Теперь, как и тогда, переходя по диагонали перекресток (не все ли равно, где это было – в Катании или Палермо) из синей тени на залитую почти африканским солнцем сторону, я промочил туфли возле раковины углового фонтана с мадонной в нише, украшенной цветами и разноцветными лампадками.
Но это не важно. Извините, я отвлекся. Важно то, что в туристском автобусе мы объехали треугольник Сицилии, окруженный со всех сторон ализариновой синевой Средиземного моря, останавливаясь по дороге возле древнегреческих храмов, но не из белого мрамора, как в Греции, а из местного желтого камня, возле мраморных развалин римских городов, поверженных в прах войсками карфагенян, – ужасный след Ганнибала, шагнувшего под трубный рев боевых слонов через Сицилию на Апеннинский полуостров по дороге к золотым воротам Рима, – а может быть, разрушенных землетрясениями в те дни, когда вдруг просыпалась Этна, извергая из своих семи кратеров огонь и дым и швыряя в небо раскаленные каменные бомбы, заставляя трескаться землю, обжигая лавой виноградники и обволакивая остров клубами сернистых газов, озаренными снизу отсветами преисподней…
Кто знает, какая нечеловеческая сила разрушила циклопические постройки древней Сицилии? И почему иные из них остались почти нетронутыми, не поверженными во прах?
Но теперь громадные кубические камни разрушенных бродов заросли кустами одуряюще-душистой седой полыни, такой зловеще серебряной на фоне пустынного моря, почерневшего от дождевых туч, надвигавшихся откуда-то из Ливии, из Туниса, из Карфагена, от которого почти ничего не осталось, кроме легенды, кроме флоберовской «Саламбо».

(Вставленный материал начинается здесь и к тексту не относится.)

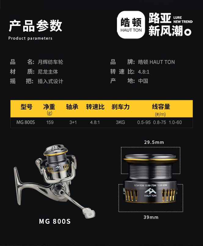 皓トン無隙間漁輪卸売り魚輪4.8:1速比路亜微物紡輪800型浅線カップMG
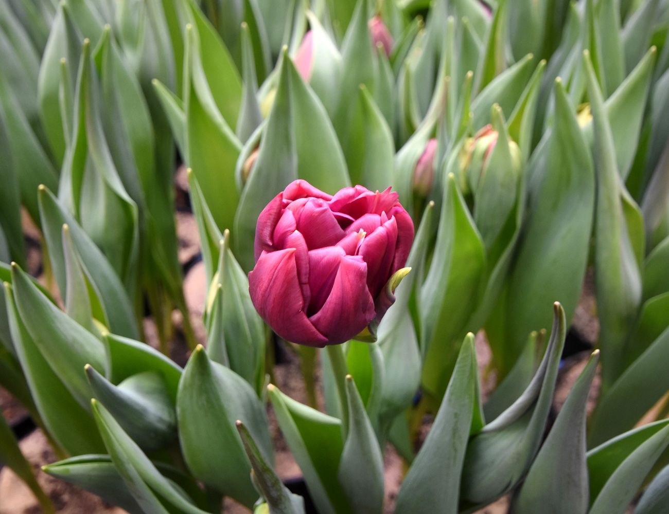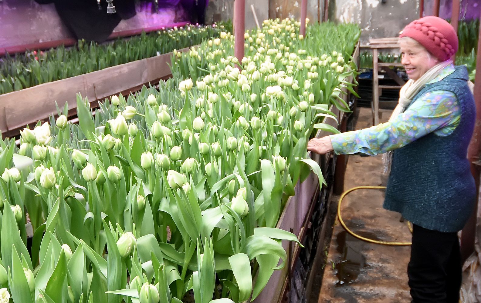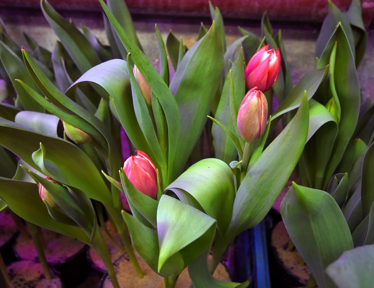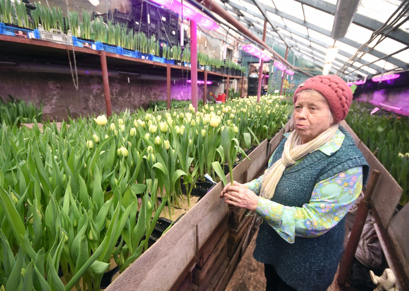 — Посадка тюльпанов идёт в ноябре — декабре, — повела нас вдоль цветочной плантации агроном Любовь Ивановна Симонова. — Зацветут они ровно к 8 Марта, это мы точно знаем. Потому что сами регулируем температуру в теплицах. Чем холоднее, тем медленнее расцветают тюльпаны.

Здесь под ливнем, внезапно обрушившимся на мраморные развалины, в толпе американских туристов, как стадо испуганных лошадей, бегущих к автобусу, я ощутил страшное одиночество, тщету человеческих цивилизаций, поглощаемых одна за другой непознаваемой бездной тысячелетий, по сравнению с которыми моя жизнь не более чем мгновенное сновидение.
…Перечитываю написанное. Мало у меня глаголов. Вот в чем беда. Существительное – это изображение. Глагол – действие. По соотношению количества существительных с количеством глаголов можно судить о качестве прозы. В хорошей прозе изобразительное и повествовательное уравновешено. Боюсь, что я злоупотребляю существительными и прилагательными. Существительное, впрочем, включает в себя часто и эпитет. К слову «бриллиант», например, не надо придавать слово «сверкающий». Оно уже заключено в самом существительном. Излишества изображений – болезнь века, мовизм. Почти всегда в хорошей современной прозе изобразительное превышает повествовательное.
Нас окружает больше предметов, чем это необходимо для существования.
Писатели восемнадцатого века – да и семнадцатого – были в основном повествователи. Девятнадцатый век украсил голые ветки повествования цветными изображениями.
Наш век – победа изображения над повествованием. Изображение присвоили себе таланты и гении, оставив повествование остальным.
Метафора стала богом, которому мы поклоняемся. В этом есть что-то языческое. Мы стали язычниками. Наш бог – материя… Вещество…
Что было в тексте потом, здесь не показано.